Alla pagina indice sulla politica internazionale

I capisaldi della questione

Il rapporto Hutton

Il 28 gennaio 2004 è stato pubblicato il rapporto conclusivo di Lord Hutton, che era stato incaricato dal governo britannico di indagare sulle circostanze della morte del Dr. David Kelly, esperto di armi biologiche, suicidatosi dopo la rivelazione che egli era la fonte di una serie di servizi della BBC su presunte manipolazioni dei rapporti dei servizi segreti, volute dal governo stesso per giustificare l'attacco all'Iraq.
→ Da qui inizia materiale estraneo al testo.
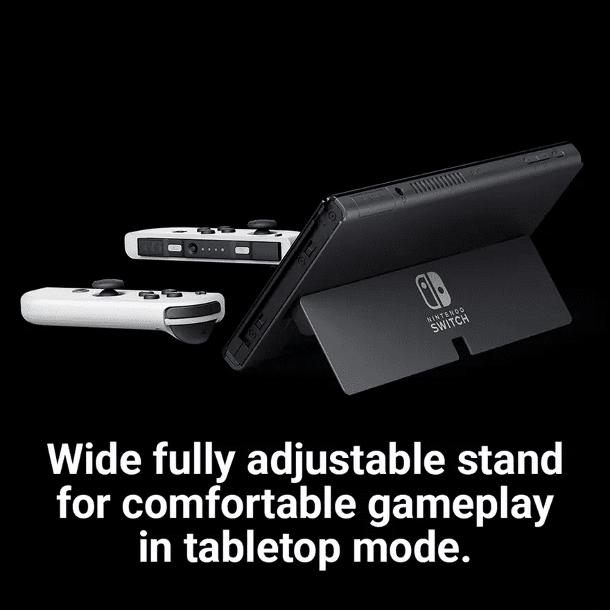 • Flip out the stand and hand a controller to another player to share the screen and enjoy competitive or co-operative multiplayer, anytime and anywhere. Nintendo Switch (OLED model)’s wide adjustable stand can be set to your preferred viewing angle for comfortable gameplay in tabletop mode.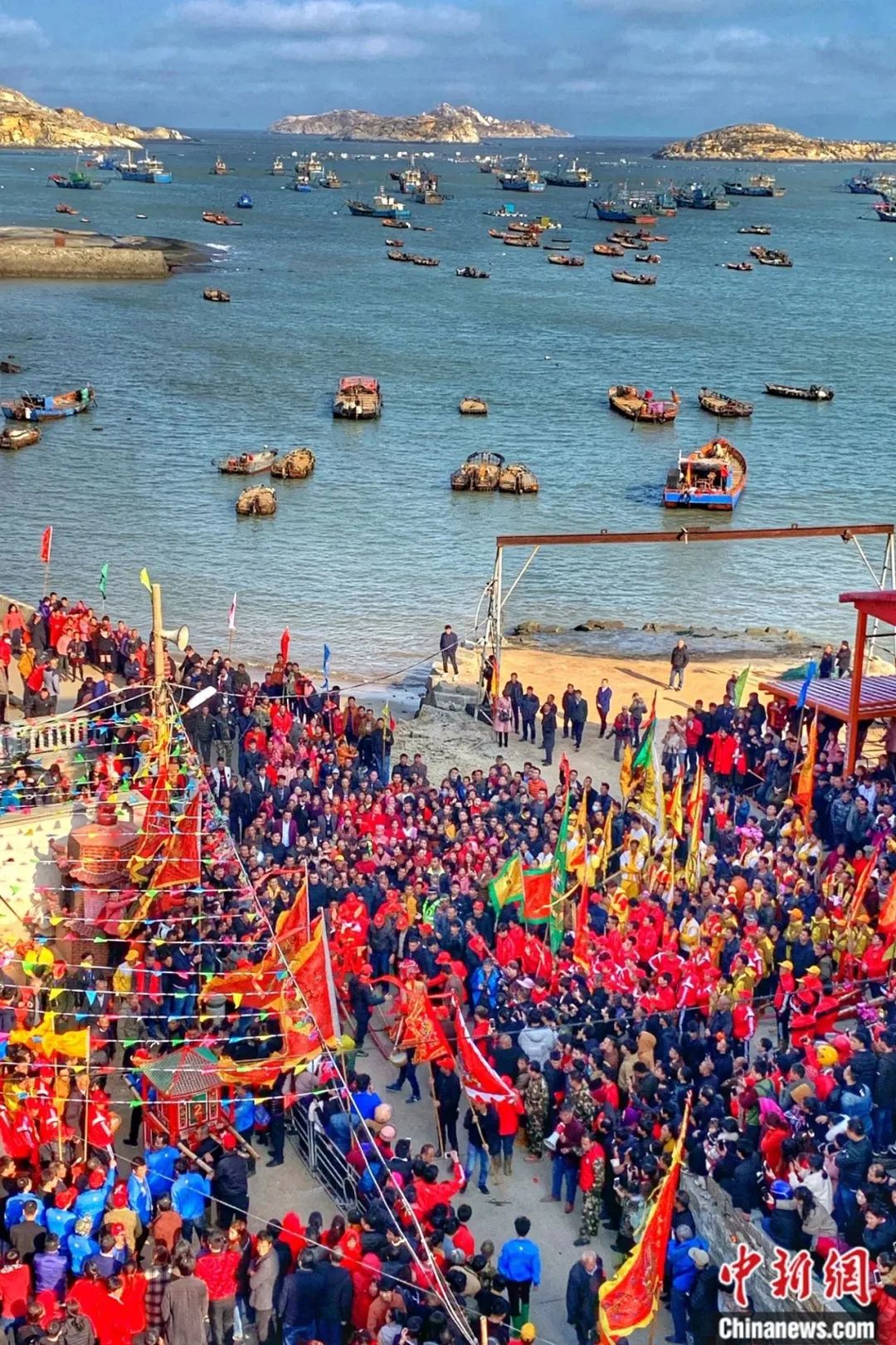 浮叶村举行“抬轿冲海”祈福仪式。中新社记者 王东明 摄
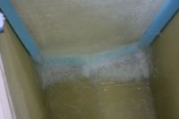 Maradék ez két réteg epoxi, kap még 3-4 réteg poliésztert egyre nagyobb átfedésben és akkor ez finom borda is lesz, nem csak válaszfal. Azért ez mégiscsak 12 személyes katamarán lesz.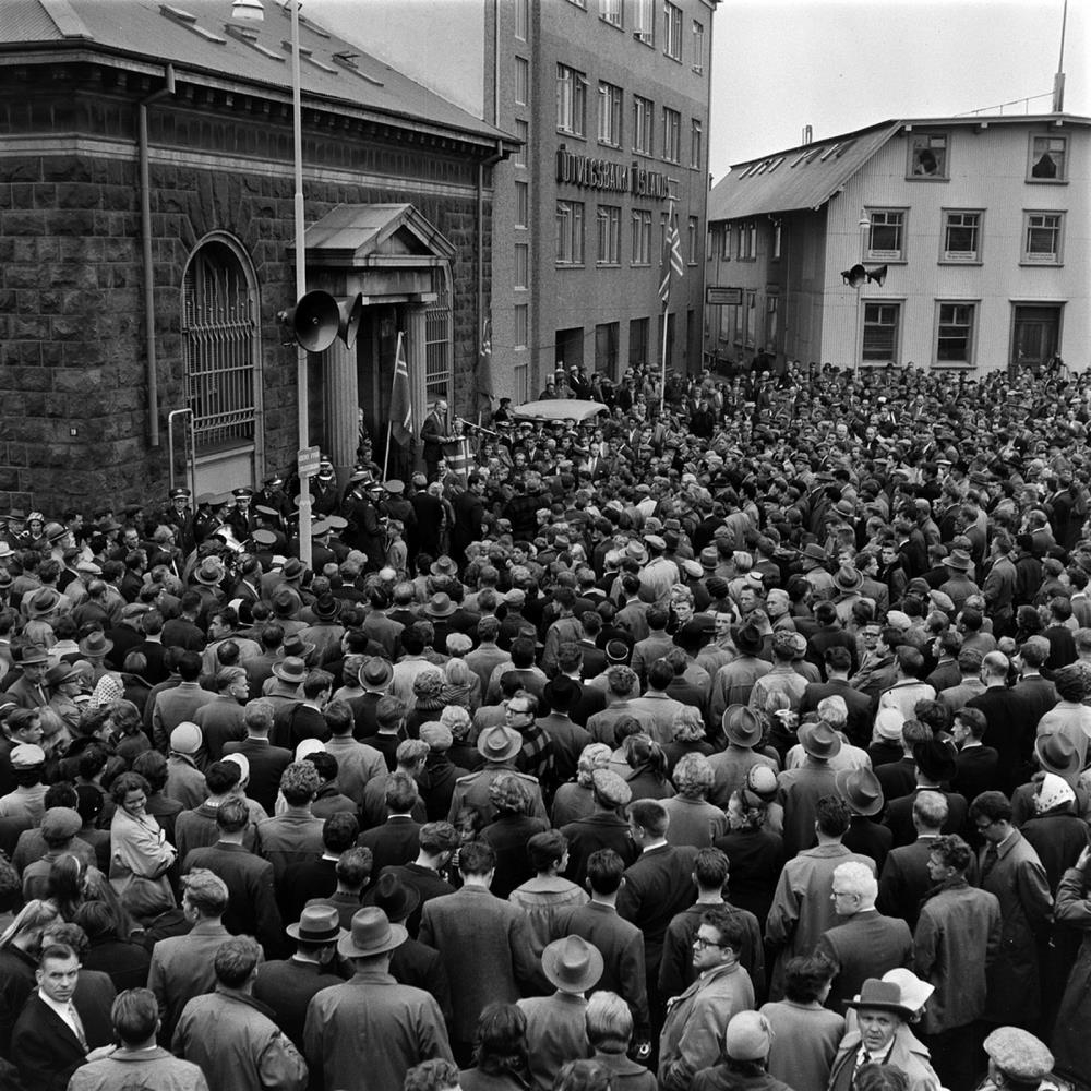 Almennur útifundur um landhelgismálið. Þórarinn Þórarinsson ritstjóri í ræðustól. Það sést í Eggert G. Þorsteinsson á bak við Þórarinn.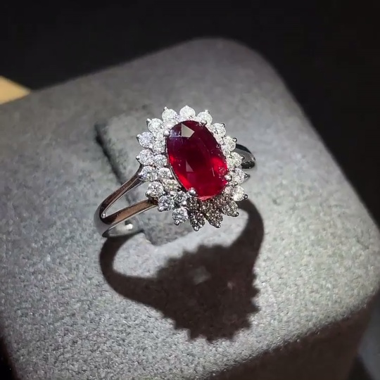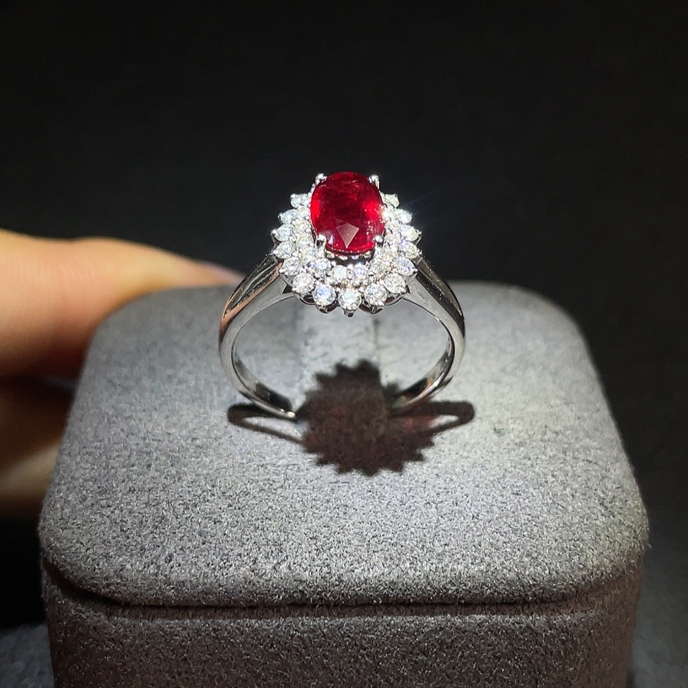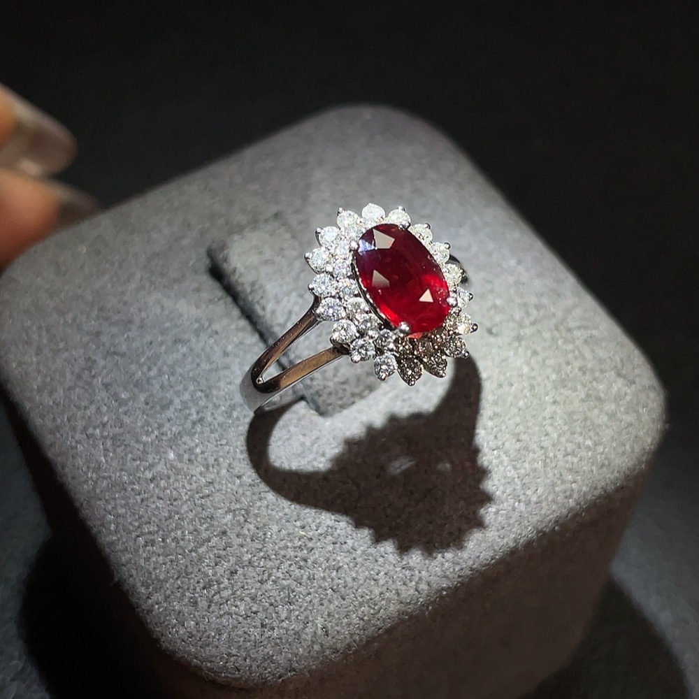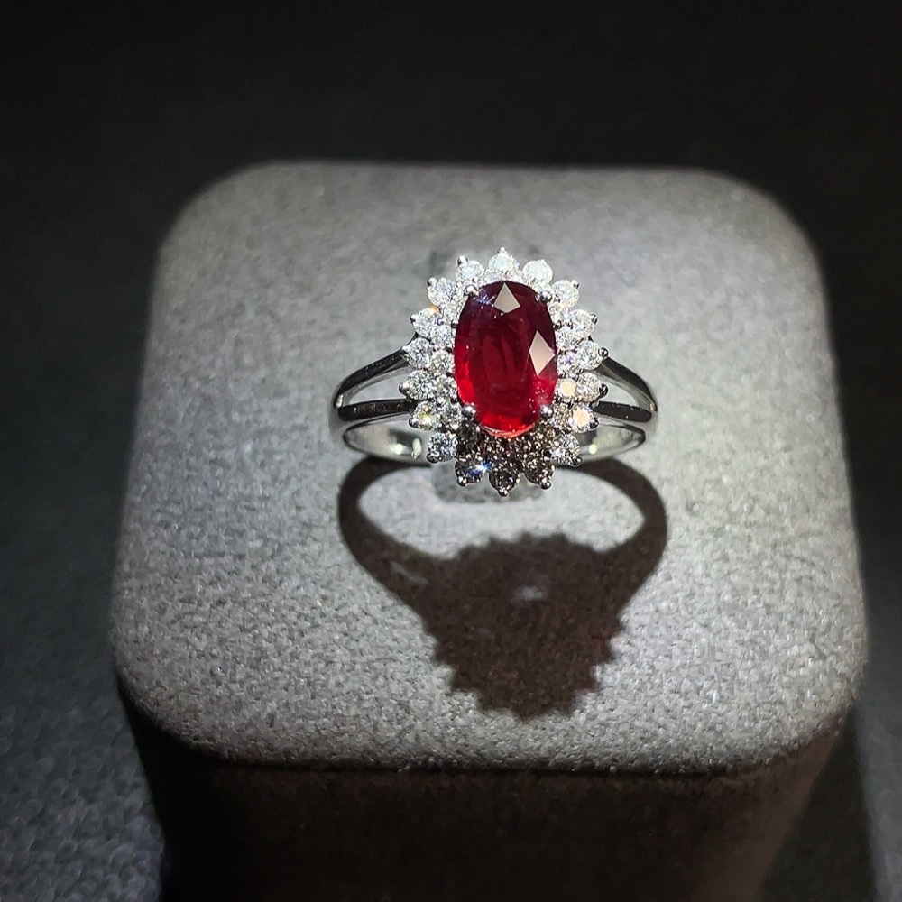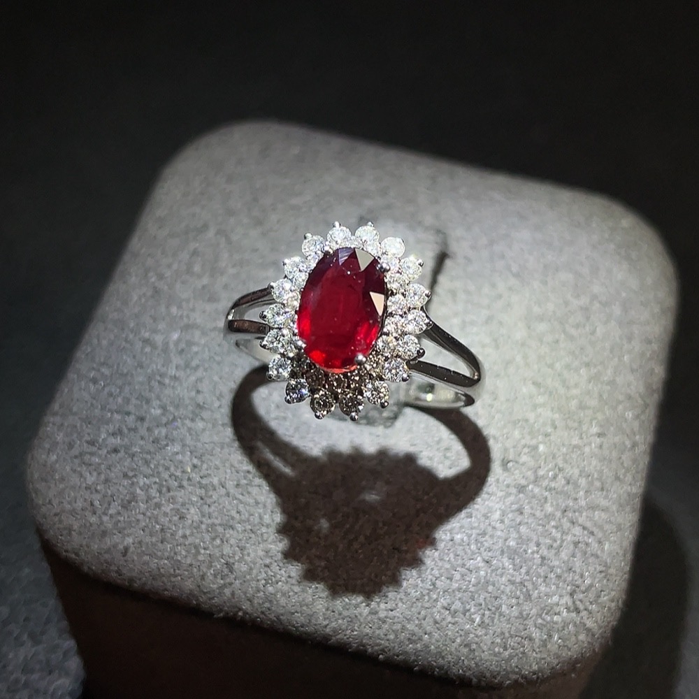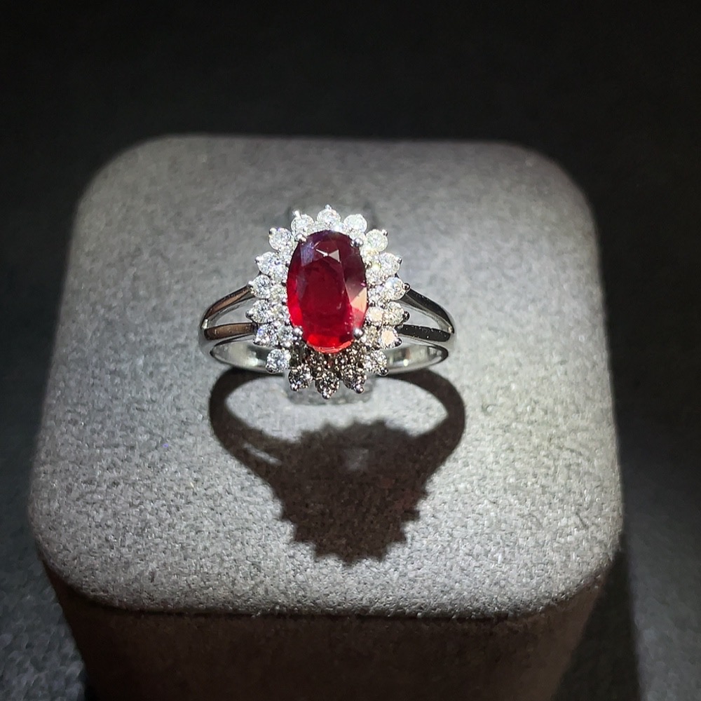Ruby Ring Set in 18K Gold with 58% Red Gold Content, Size 14, Total Weight Approx. 3.64g, GRS: Mozambique, No Heat, Pigeon Blood Red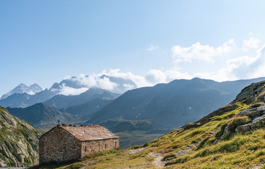 Il s'agit certainement de l'étape la plus symbolique de la partie suisse de la Via Francigena. L'accès au col se fait par le chemin qui a vu passer toute l'Europe depuis 2 000 ans. De nombreux sites archéologiques jalonnent la montée, notamment à L'Hospitalet et au Plan de Barasson.

Il rapporto nega che vi sia stata alcuna manipolazione e getta la responsabilità di tutta la vicenda sulla BBC, che avrebbe agito in modo superficiale e parziale, riportando le dichiarazioni di Kelly in modo impreciso e tendenzioso. In particolare i vertici della BBC sarebbero stati responsabili del mancato controllo sulla trasmissione e pubblicazione di servizi giornalistici contenenti informazioni errate.

In conseguenza, il presidente ed il direttore generale della BBC, Gavin Davies e Greg Dyke, si sono dimessi dai loro incarichi. Anche il giornalista Andrew Gilligan, autore dei servizi in questione, si è dimesso.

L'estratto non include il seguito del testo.